### Provided data
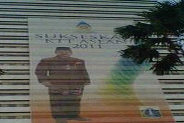 Baliho "raksasa" bergambar Gubernur DKI Jakarta Fauzi Bowo yang menempel di Gedung Pemprov DKI Jakarta.(Sabrina Asril)
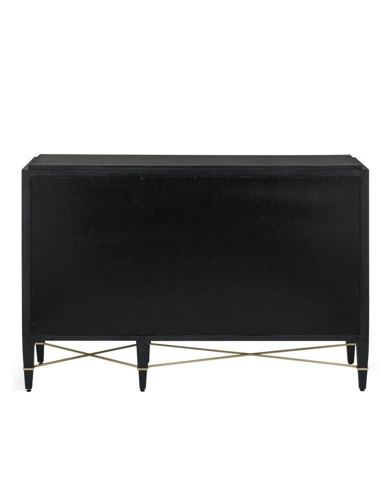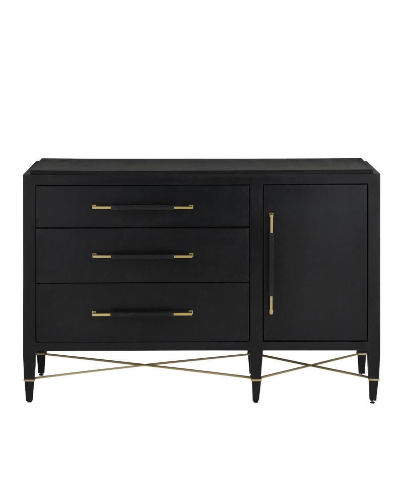 The Verona Black Three-Drawer Chest is darkly handsome covered in black lacquered linen with metal detailing in a champagne finish. The stretchers on this black chest create added interest to enhance its flair. The beautifully detailed drawer pulls, which are wrapped in matching material in the middle and left bare on each end, grace each drawer with their metallic sheen. This is a sophisticated touch, as are the squared edges of the hardware that match the straight-edges on the stretchers. The door with its single pull, which hides a two shelves and a drawer, is an elegant design move.
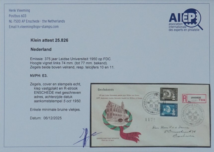 NVPH - , First Day Cover (Netherlands), Issued in the year: 1950, Addressed (A) - Expert certificate - Open flap (OF)
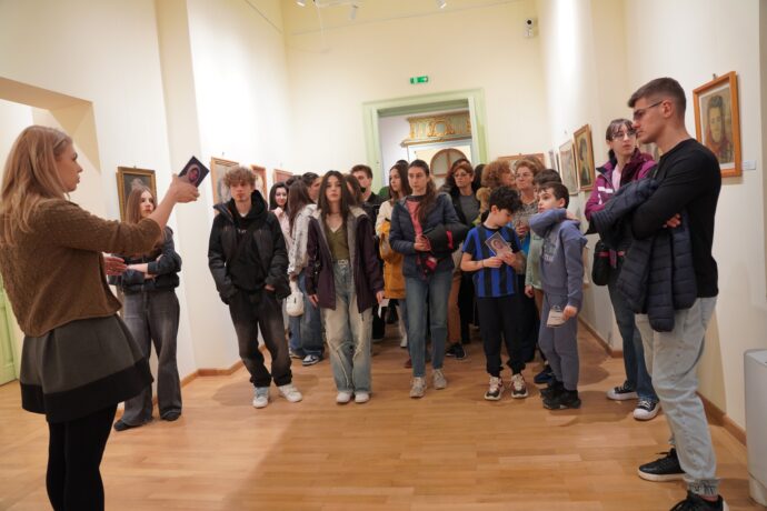 Oaspeții au ascultat poveștile ghizilor, au explorat spațiile muzeale și s-au lăsat fascinați de detalii. Curiozitatea i-a condus mai departe: au căutat informații direct pe telefoane, au făcut fotografii și au surprins momentele care i-au impresionat. Bineînțeles, nu au lipsit selfie-urile, inclusiv în fața unei spectaculoase oglinzi venețiene din cristal, parte din patrimoniul muzeului încă din 1970.
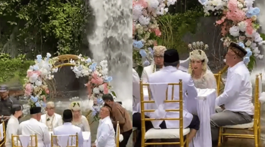 Dalam video yang beredar luas, terlihat jelas set meja akad nikah lengkap dengan kursi-kursi berwarna emas ditempatkan langsung di atas bebatuan sungai yang dialiri air jernih. Latar belakang air terjun yang menjulang tinggi menambah kesan dramatis dan natural pada momen sakral tersebut.

### Required action
Omit the pictures and give the material again, exactly and in full.

### Task response
 Baliho "raksasa" bergambar Gubernur DKI Jakarta Fauzi Bowo yang menempel di Gedung Pemprov DKI Jakarta.(Sabrina Asril)
 The Verona Black Three-Drawer Chest is darkly handsome covered in black lacquered linen with metal detailing in a champagne finish. The stretchers on this black chest create added interest to enhance its flair. The beautifully detailed drawer pulls, which are wrapped in matching material in the middle and left bare on each end, grace each drawer with their metallic sheen. This is a sophisticated touch, as are the squared edges of the hardware that match the straight-edges on the stretchers. The door with its single pull, which hides a two shelves and a drawer, is an elegant design move.
 NVPH - , First Day Cover (Netherlands), Issued in the year: 1950, Addressed (A) - Expert certificate - Open flap (OF)
 Oaspeții au ascultat poveștile ghizilor, au explorat spațiile muzeale și s-au lăsat fascinați de detalii. Curiozitatea i-a condus mai departe: au căutat informații direct pe telefoane, au făcut fotografii și au surprins momentele care i-au impresionat. Bineînțeles, nu au lipsit selfie-urile, inclusiv în fața unei spectaculoase oglinzi venețiene din cristal, parte din patrimoniul muzeului încă din 1970.
 Dalam video yang beredar luas, terlihat jelas set meja akad nikah lengkap dengan kursi-kursi berwarna emas ditempatkan langsung di atas bebatuan sungai yang dialiri air jernih. Latar belakang air terjun yang menjulang tinggi menambah kesan dramatis dan natural pada momen sakral tersebut.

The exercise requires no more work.